= Problem to solve =
The expected output is each line from the one containing "無垢の木材から削り出し、カメ" to the last line of the data below, set down exactly, minus the pictures.

= Provided material =

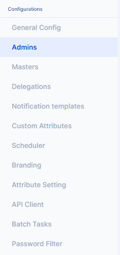 Now, click on the Admins sub-menu within the Configuration menu
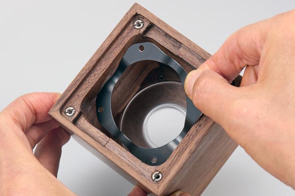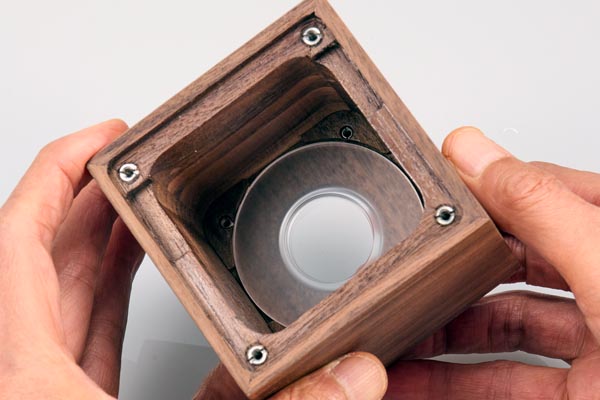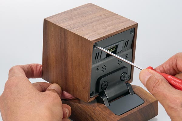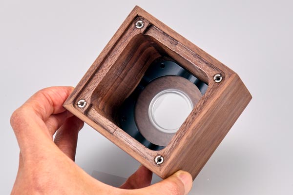 無垢の木材から削り出し、カメラ機器にありがちな無機質な見た目を払拭し、インテリアになじむデザインで、どんな空間にも自然に溶け込みます。
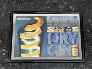 Este es un cuadro vintage con un diseño llamativo. - Presenta una imagen de cáscara de limón en espiral. - Incluye texto Tornado Dry y Gin Dry Larios.

= Finished exercise =
 無垢の木材から削り出し、カメラ機器にありがちな無機質な見た目を払拭し、インテリアになじむデザインで、どんな空間にも自然に溶け込みます。
 Este es un cuadro vintage con un diseño llamativo. - Presenta una imagen de cáscara de limón en espiral. - Incluye texto Tornado Dry y Gin Dry Larios.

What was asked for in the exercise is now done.